### Exercise instructions
Beginning with the line containing "그리고 2단계에서는 1단계" and going on through the line containing "платье мини, сатиновое", the lines below are to be returned exactly, pictures excluded and nothing added.

### Extracted material
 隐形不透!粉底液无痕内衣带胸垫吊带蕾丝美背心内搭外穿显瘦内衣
==
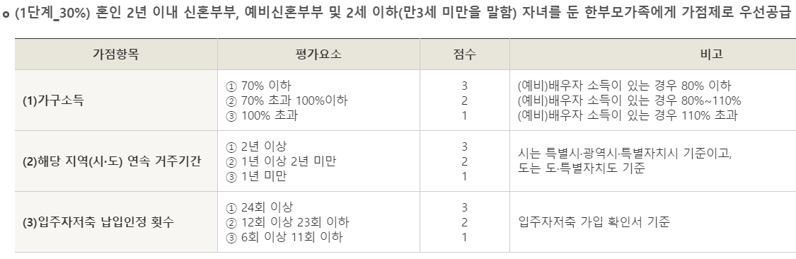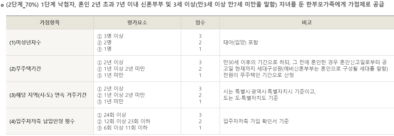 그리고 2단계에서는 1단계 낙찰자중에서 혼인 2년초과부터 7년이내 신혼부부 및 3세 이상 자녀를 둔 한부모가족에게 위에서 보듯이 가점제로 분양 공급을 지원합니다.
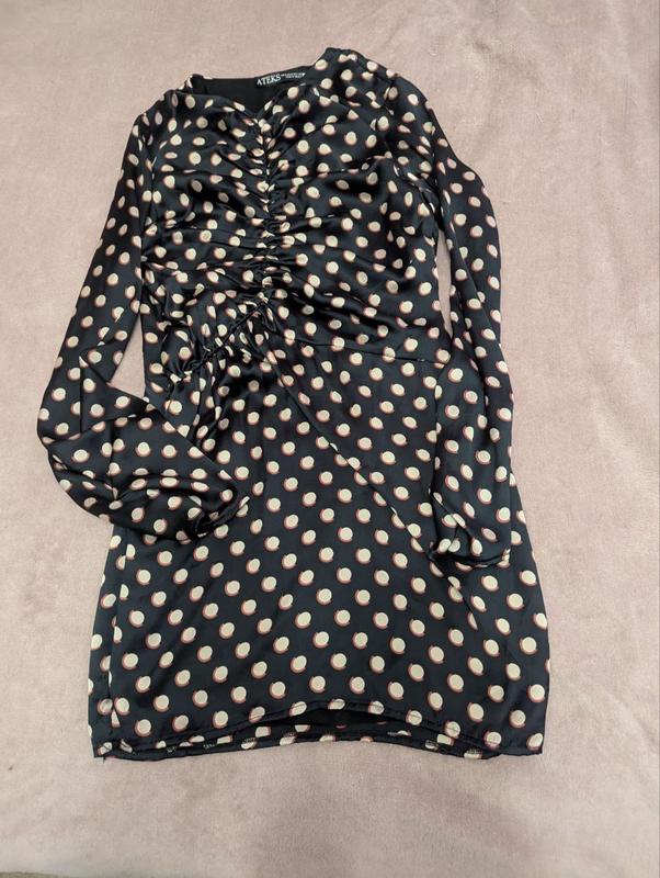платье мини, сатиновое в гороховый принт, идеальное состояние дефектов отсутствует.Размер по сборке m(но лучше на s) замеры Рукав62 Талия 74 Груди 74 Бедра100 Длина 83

### Your response
 그리고 2단계에서는 1단계 낙찰자중에서 혼인 2년초과부터 7년이내 신혼부부 및 3세 이상 자녀를 둔 한부모가족에게 위에서 보듯이 가점제로 분양 공급을 지원합니다.
платье мини, сатиновое в гороховый принт, идеальное состояние дефектов отсутствует.Размер по сборке m(но лучше на s) замеры Рукав62 Талия 74 Груди 74 Бедра100 Длина 83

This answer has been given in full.